Having offered his cartoon concept ‘Trusty and friends’ to ITV as the basis for a cartoon series, Mr Miles thought ITV’s later series ‘Dream Street’ starring a yellow recovery truck was just too close to be coincidental.
Topic: Copyright
Who: Mr Miles and ITV Networks Limited
Where: Chancery Division at the High Court, London
When: December 2003
What happened:
The claimant Miles started proceedings against ITV Networks for breach of confidential information and breach of copyright. The action was brought in respect of the programme "Dream Street." For the uninitiated, Dream Street is a cartoon featuring anthropomorphic traffic equipment and a main character which is a yellow recovery truck. Dream Street went on to become a commercial success and the claimant Miles argued that it was all based on his idea.
Miles alleged that in January 1998 he supplied ITV Network with a package of material relating to his cartoon "Trusty and Friends". The main character Trusty was a set of traffic lights and his friends were various pieces of traffic equipment such as bollards and traffic cones.
In the action, Miles argued that the similarities between the material in this package and the characters in the ITV Networks programme, as well as the concept of using traffic equipment, were so close as to give rise an infringement of copying.
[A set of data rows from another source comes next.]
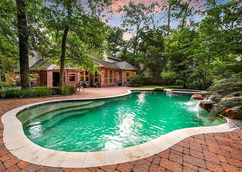 Gorgeous wooded oasis in the heart of The Woodlands Village if Indian Spring! 5 bedroom 4 .5 bath home on a quiet cul-de-sac .348 acre lot with charming curb appeal and beautiful wooded landscaping. Gorgeous park like backyard that is perfect for entertaining, enjoying a fire, gardening, or just relaxing poolside! The main floor features a spacious foyer, dedicated study, formal dining room, updated island kitchen, stainless appliances, family room with a fireplace, breakfast room, and 1st floor laundry room. True master suite with a spa-like bath, and walk in closet. Master overlooks the backyard paradise. The second level features a spacious game room, 4 guest rooms, 2 full baths, and a hidden bonus room. Bonus room includes reading nook. Perfect as a playroom, media room, or storage. New paint, new carpet, new fans, recent roof, annual terminex pest treatment. Awesome location! Nearby shops & dining, exemplary schools, parks, trails, John Cooper School, and more!
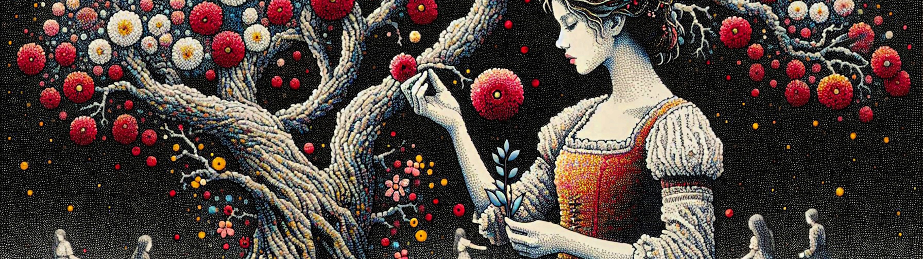 Назад к обои девушка, деревья, цветы, ретро, темный фон, человек, стилизация, сад
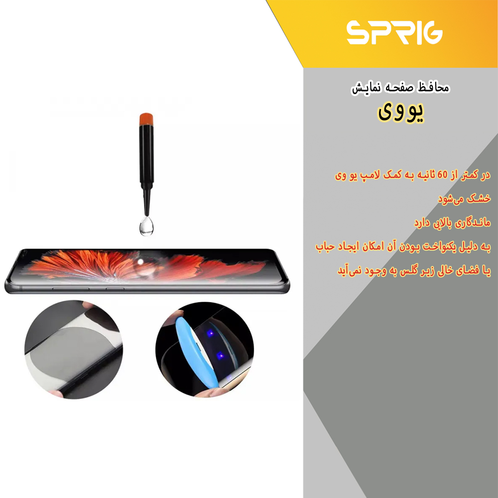 گلس یووی حریم شخصی اسپریگ نوع جدیدی از گلس های موجود در بازار است که مخصوص تلفن های همراه با صفحه نمایش خمیده تولید شده است و به همراه لامپ یووی و چسب مخصوص نصب گلس یووی ارائه میشود. چسب مخصوص نصب یووی در کمتر از 60 ثانیه به کمک لامپ یووی خشک می شود و این سرعت عمل را می توان یکی از مزایای این گلس به شمار آورد.
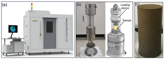 To investigate the micromechanical deformation mechanism of the cemented backfill specimens, in situ CT scanning technology will be employed for monitoring and the capturing of CT images of the specimens throughout the triaxial shearing process. Subsequently, an image processing software will be utilized for 3D reconstruction and the quantitative extraction of micromechanical parameters. The Geoscan200 geotechnical in situ CT scanning platform (Figure 3a) will be utilized, comprising a scanning system, loading system, and image analysis processing system. The scanning system is equipped with an X-ray source, scanning platform, and image detector, offering a frame capture rate of 5 fps and image resolution of up to 0.1 μm. In the study, the voltage and current for CT scanning are 120 kV and 0.5 mA. Each scanning needs an X-ray exposure time of 36 min. The pressure chamber of the loading system (Figure 3b) is constructed from aviation-grade aluminum and is furnished with various sizes of loading platforms designed for accommodating standard cylindrical specimens with diameters ranging from 20 to 100 mm and lengths from 40 to 200 mm. The loading chamber exerts pressure on the samples via a pressure control system. The execution of the experimental design pertains to the initial in situ CT scanning pre-experiment carried out on backfill specimens by the applicant. Given that smaller test sample sizes lead to increased scanning precision, mechanical testing will be carried out using samples with dimensions of 25 mm in diameter and 50 mm in length (Figure 3c). The specimen for CT scanning is carefully extracted from the large cuboid specimen (Figure 2) using precision tools and techniques to ensure minimal damage to the surrounding material.
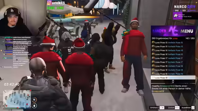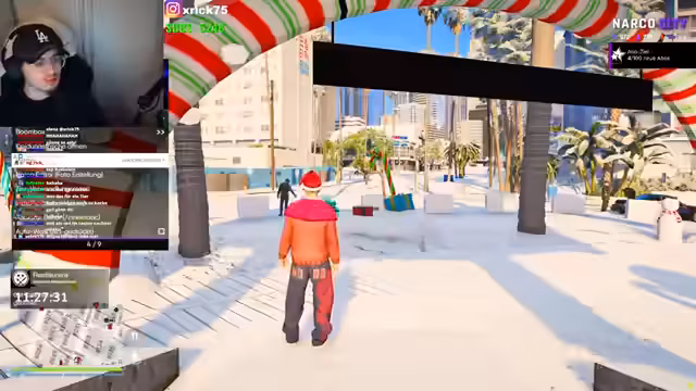 03:55:32Der Streamer startet eine Spendenaktion mit dem Ziel, 100 Millionen zu sammeln, um an Weihnachten Geschenke für 'artigste Kinder' zu verteilen. Er erwähnt, das Geld liege auf seinem Schweizer Bankkonto. Ein Gesprächspartner wünscht sich materiell nichts, sondern eine 'Asian-Baddy' – eine vietnamesische Partnerin –, die der Streamer verspricht zu organisieren. Die Spendenaktion wird als Event beworben, bei dem der Streamer selbst als Empfänger von Geschenken genannt wird, und es folgt eine Diskussion über die Verteilung der Mittel.
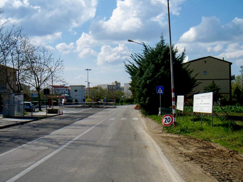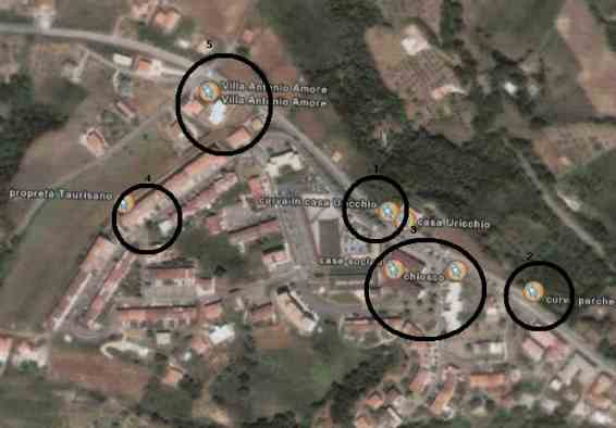 (guardate l'ingresso di casa della Famiglia Uricchio sulla Strada Provinciale ammodernata, i cartelli di protesta, le case sociali con il parcheggio sotto casa, il chiosco per l'amico del Sindaco Nicola Raucci e i pali fatti verniciare dal Sindaco Nicola Raucci per la sicurezza stradale !)
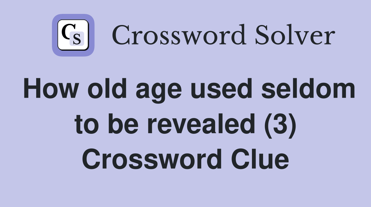 How old age used seldom to be revealed (3) Crossword Clue Answers
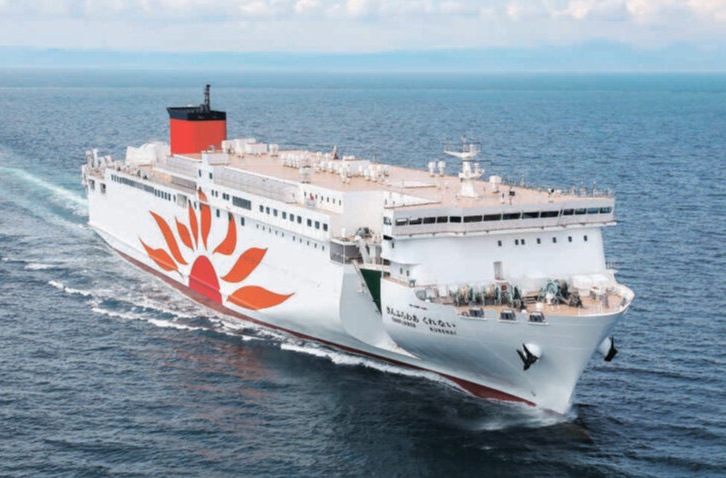The ferry serves the Osaka-Beppu route between Sunflower Ferry Terminal (Osaka Prefecture) and Beppu International Tourist Port (Oita Prefecture) as a replacement for the ferry Sunflower Ivory. Compared to earlier ferries, the new ferry offers greater transport capacity and convenience for both cargo and passenger transport. In freight transportation, it has greater capacity to load trucks and provides a larger, more comfortable room for truck drivers. In addition, the floor area of the Grand Bathroom is doubled and the number of seats in the restaurant was enlarged 1.5 times, and spacious and open public areas including a three-layer atrium were newly created. The new vessel is intended to promote and enhance the company's "Casual Cruise Concept". It is Japan's first ferry to adopt the latest environmental-friendly specifications including a high-performance dual-fuel engine, which can run on both LNG and heavy fuel oil. The use of LNG fuel is expected to reduce emissions of carbon dioxide (CO2) by about 25%, and sulfur oxide (SOx) by virtually 100%. The MOL Group set the target to achieve net zero GHG emissions by 2050 in the "MOL Group Environmental Vision 2.1" established in June 2021, and it is promoting the wider adoption of LNG fuel through development and advancement of an LNG fuel supply system in Japan and overseas. In the ferry business, MOL has already ordered four LNG-fueled ferries, including the vessel. Following the Sunflower Kurenai and the Sunflower Murasaki, the first and second LNG-fueled vessels operated by Ferry Sunflower, the company plans to build two state-of-the-art LNG-fueled ferries and put them into service in 2025 to replace vessels currently plying the Oarai-Tomakomai route operated by MOL Ferry Co., Ltd. (President & CEO: Naotoshi Omoto; Headquarters: Chiyoda-ku, Tokyo). MOL will further expand the adoption of LNG-fueled vessels, accelerate its efforts to reduce total greenhouse gas (GHG) emissions, and contribute to the realization of a low-carbon, decarbonized society through the concerted efforts of the entire Group.
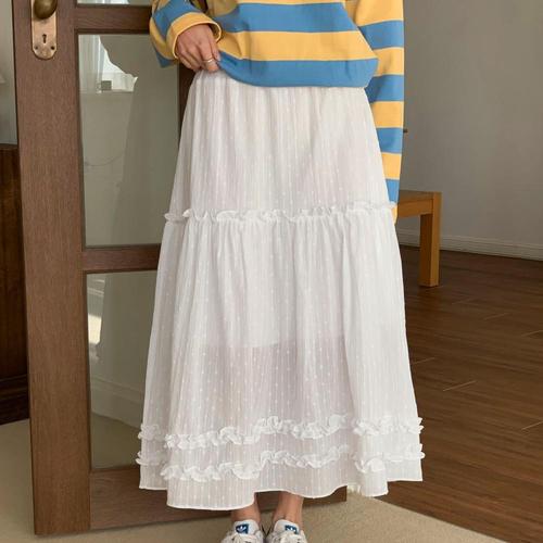 [신상오픈런]여성 도트 프릴 롱스커트 이중캉캉 발레코어 스타일 (32623696)
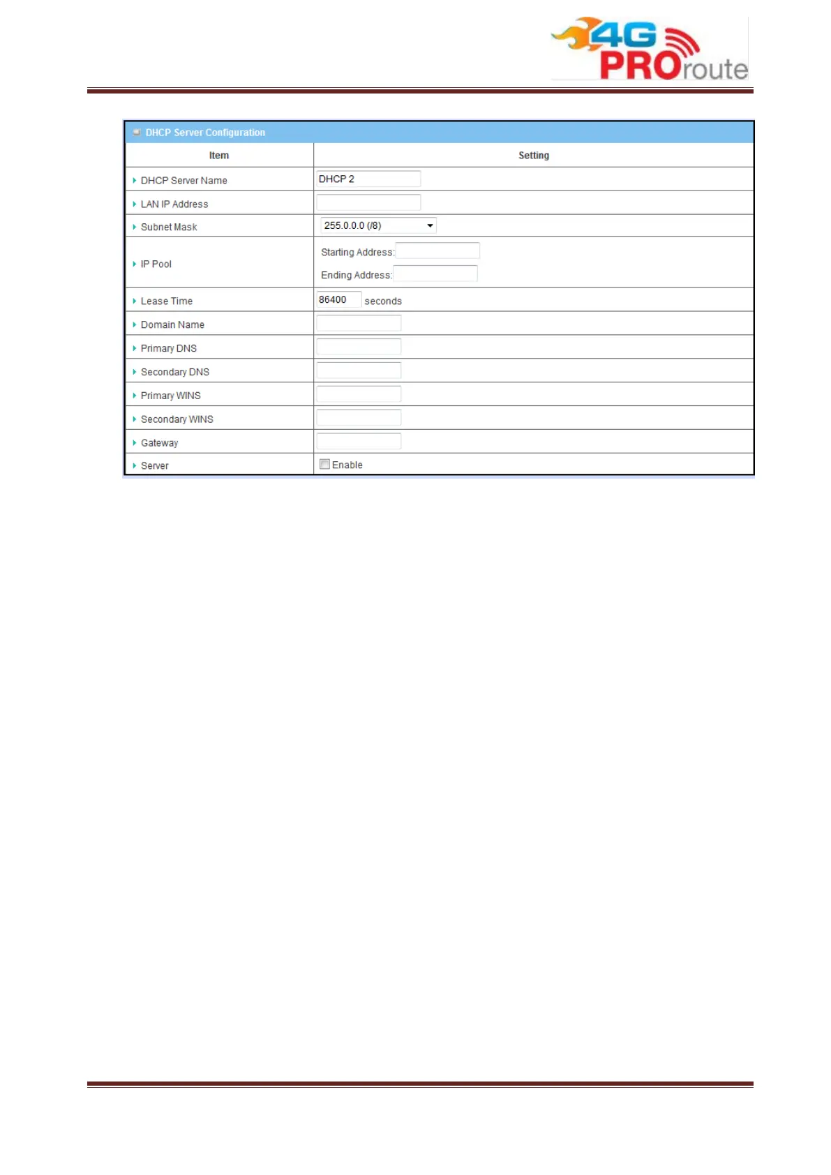 2. LAN IP Address: Specify the local IP address of the enabled DHCP Server. It’s
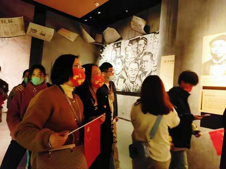 雨中的辛亥革命博物馆,庄严肃穆,仿佛打开了时光隧道带领同学们回到了百年前的中国。师生党员们在博物馆讲解员的引导下,先后参观了“晚清中国”“武昌首义”“辛亥百年”等五个展厅。当看到橱窗里展示的中国签署的各种不平等条约时,党员们深刻感悟到“弱国无外交”这句话的内涵;当看到展厅里陈列着的起义军照片时,党员们感受到先进爱国人士愤慨救国、慷慨就义的决心。党员同志们沉浸式地体验到了危机重重的晚清中国与辛亥革命的艰难历程,缅怀追忆了“辛亥百年”来中国共产党由小到大,由弱到强,在实现民族伟大复兴道路上的艰苦奋斗。
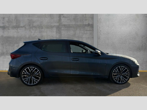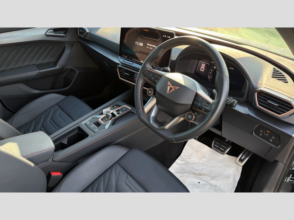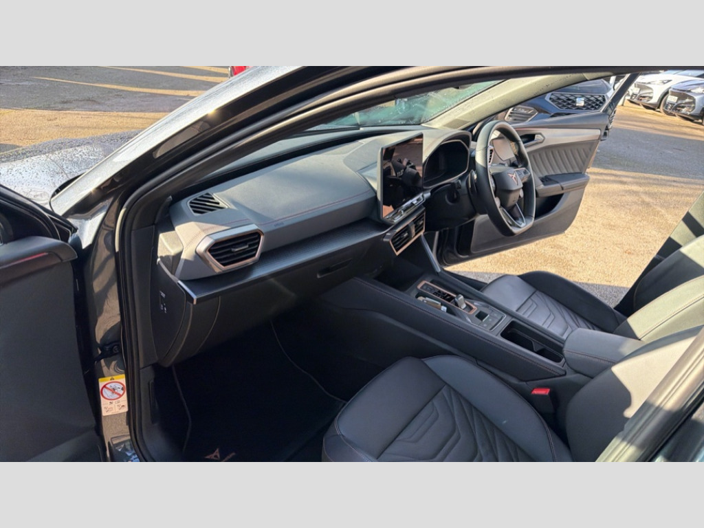 Cupra Leon 2.0 TSI 300 VZ2 5dr DSG Adaptive cruise control with follow-to-stop and speed limiter, CUPRA drive profile selection with (Comfort/Sport/Individual), throttle response and gearshift mode, Digital cockpit, Dynamic road sign display, E-call, Four x USB Type C ports (2 in front and 2 in rear), Front and rear parking sensors, Front assist with forward collision warning braking reaction to vehicles, pedestrians and cyclists, Full link smartphone integration with Mirror Link, wireless Apple CarPlay and wired Google Android Auto, Intelligent park assist, Lane change assist with emergency assist, Lockable tailgate, Rear view camera, RPM, trip computer, outside temp gauge, instrument light brightness, low fuel warning light, lights on reminder, gearshift indicator, Service interval indicator, Side and exit assist, Start/stop system with regenerative braking, Wireless phone charger, Auxiliary input socket, Auto dimming rear view mirror, Body colour door handles, Body coloured bumpers, Cupra sports bumpers, Dark tinted rear windows, Electric front/rear windows, Electrically adjustable, heated and folding door mirrors, High beam assist, LED front fog lamps with cornering function, LED rear fog lamp, Matrix LED Headlights with variable light distribution, Matrix Beam and Dynamic headlight range control, Rain sensing wipers, Rear side wing doors, Rear wash/wipe, Separate daytime running light with automatic headlight control and coming home feature, Third brake light, Welcome light with logo projector in door mirrors, 12v power supply in centre console, 3 seat bench in 2nd row, 5 headrests, 60/40 split rear bench seat with armrest, Ambient lighting (glovebox, footwell, ambient lighting multicoloured), Black headlining, Cupra sports pedals, CUPRA Supersports, heated steering wheel with satellite buttons, Electrically adjustable driver seat and lumbar support with memory function + manually adjustable passenger seat, Folding boot cover, Front and rear reading lights X 4, Front centre armrest, Heated front seats, Height/reach adjust steering wheel, Illuminated interior front door sills, Interior wraparound lighting, ISOFIX points in outer rear seats with top tether anchorage points, Leather upholstery, Single front passenger seat, Storage pockets on rear of front seats, Sunvisors with illuminated mirror, Three zone climate control, Dynamic and comfort pack - Leon Cupra, Media system plus with 12.9" display + navigation pack - Leon Cupra, 3 point seatbelts on all rear seats, ABS, Brake control system - ESC and brake booster, Child proof door locks, Cupra black brake calipers, Driver and front passenger airbags with front passenger airbag de-activation, front side and curtain airbags, Electronic parking brake, Hill hold control, Pre-crash front and rear seat belt tensioner, window closure and hazard lights, Rear disc brakes, Seat belt reminder for front and rear seats, Tiredness recognition system, Tyre pressure monitoring system, Anti theft alarm system with interior monitoring in cab, backup horn and towing protection, KESSY Advanced - Keyless start, keyless entry, Locking wheel bolts, Chrome and copper interior detailing, 19" Mistral machined R black and silver alloy wheel with 91Y tyres, Breakdown kit, Tool kit
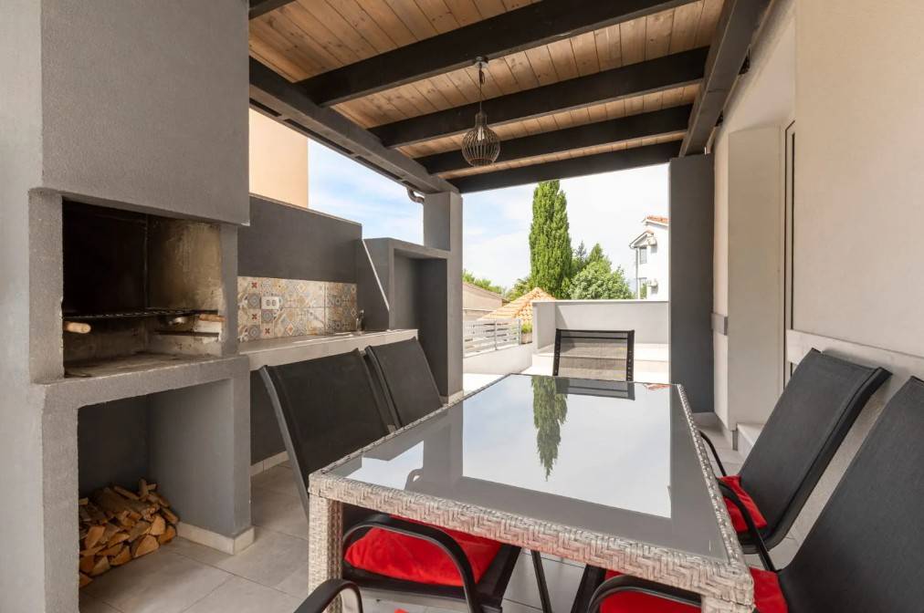 Zur Immobilie gehört eine überdachte Terrasse mit Grillplatz und Pool, ideal zum Entspannen und geselligen Beisammensein. Zwei Parkplätze sind ebenfalls im Angebot enthalten, um das tägliche Leben noch bequemer zu gestalten.
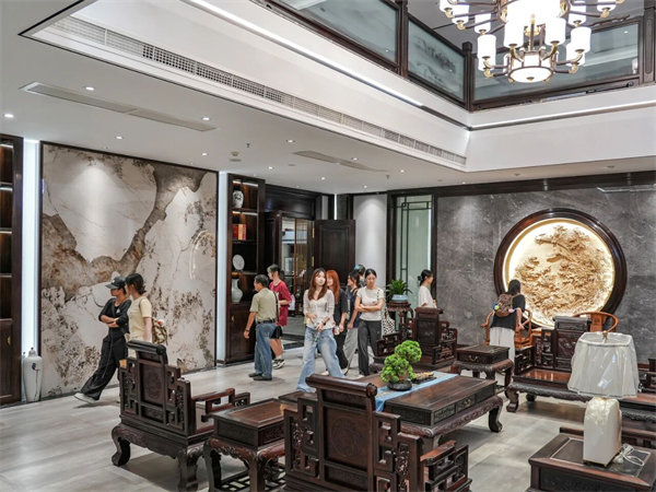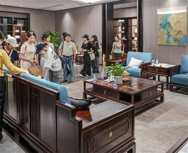 在交流互動中,他們的提問不再局限于課本,直指設(shè)計的核心:“這款椅子的曲線如何與人體工學(xué)完美融合?”“傳統(tǒng)紋樣怎樣才能與現(xiàn)代審美展開對話?”“面對珍貴的紅木資源,我們應(yīng)如何踐行‘可持續(xù)’設(shè)計理念?……一個個充滿思辨的提問,充分展現(xiàn)了他們對家具藝術(shù)的深層思考和不懈追求,東成紅木方面亦以豐厚的產(chǎn)業(yè)經(jīng)驗與獨到見解一一回應(yīng),贏得了師生們的頻頻贊許。
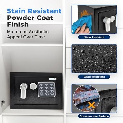 * Compact Versatile ? At 9.1" x 6.7" x 6.7", this safe is ideal for storing cash, jewelry, firearms, important documents, and more.
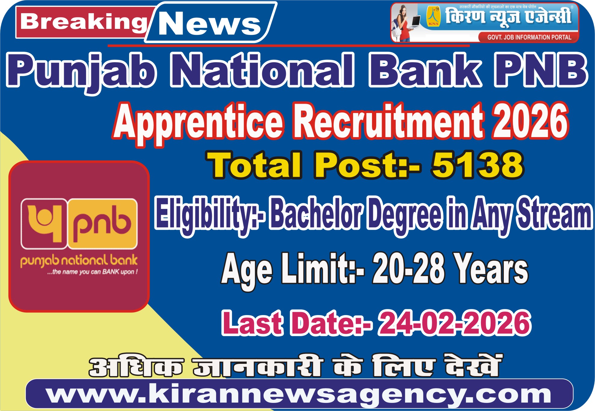 - Punjab National Bank PNB Released Apprentice Recruitment Notification and Invited Online Application Form for the PNB Apprentice Examination 2026. Candidate Can Apply Online for 08/02/2026 to 24/02/2026.
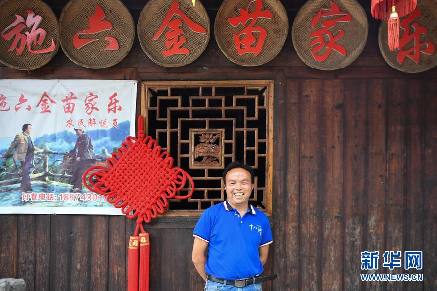這是施六金在他的農(nóng)家樂前留影(4月25日攝)。1973年出生于十八洞村的施六金,由于父親患病很早就放棄學(xué)業(yè)和母親扛起了家庭的重擔(dān)。為了生活,他還曾遠去東南亞打工。2015年,看到家鄉(xiāng)的變化,施六金回到村里開起了農(nóng)家樂,年度家庭人均純收入也從2014年的1715元增長到了2019年的35696元。2018年,施六金與心愛的人組建了家庭。今年初,施六金與愛人迎來了一個大胖小子?!白鋈俗鍪乱没貓蠛透卸鳌!笔┝鸾o剛出生的兒子取名施澤恩。新華社記者薛宇舸攝

ITV Networks and its co-defendant, the creator of "Dream Street," defended the claim strenuously. Dream Street's creator produced documentary evidence showing that in December 1997, a month before Miles sent his package to ITV Network, he had sent to himself by registered mail an envelope containing the original material outlining the concept for Dream Street. On that basis, the defendants argued that there could not have been any copying and they applied to have Miles' claim struck out.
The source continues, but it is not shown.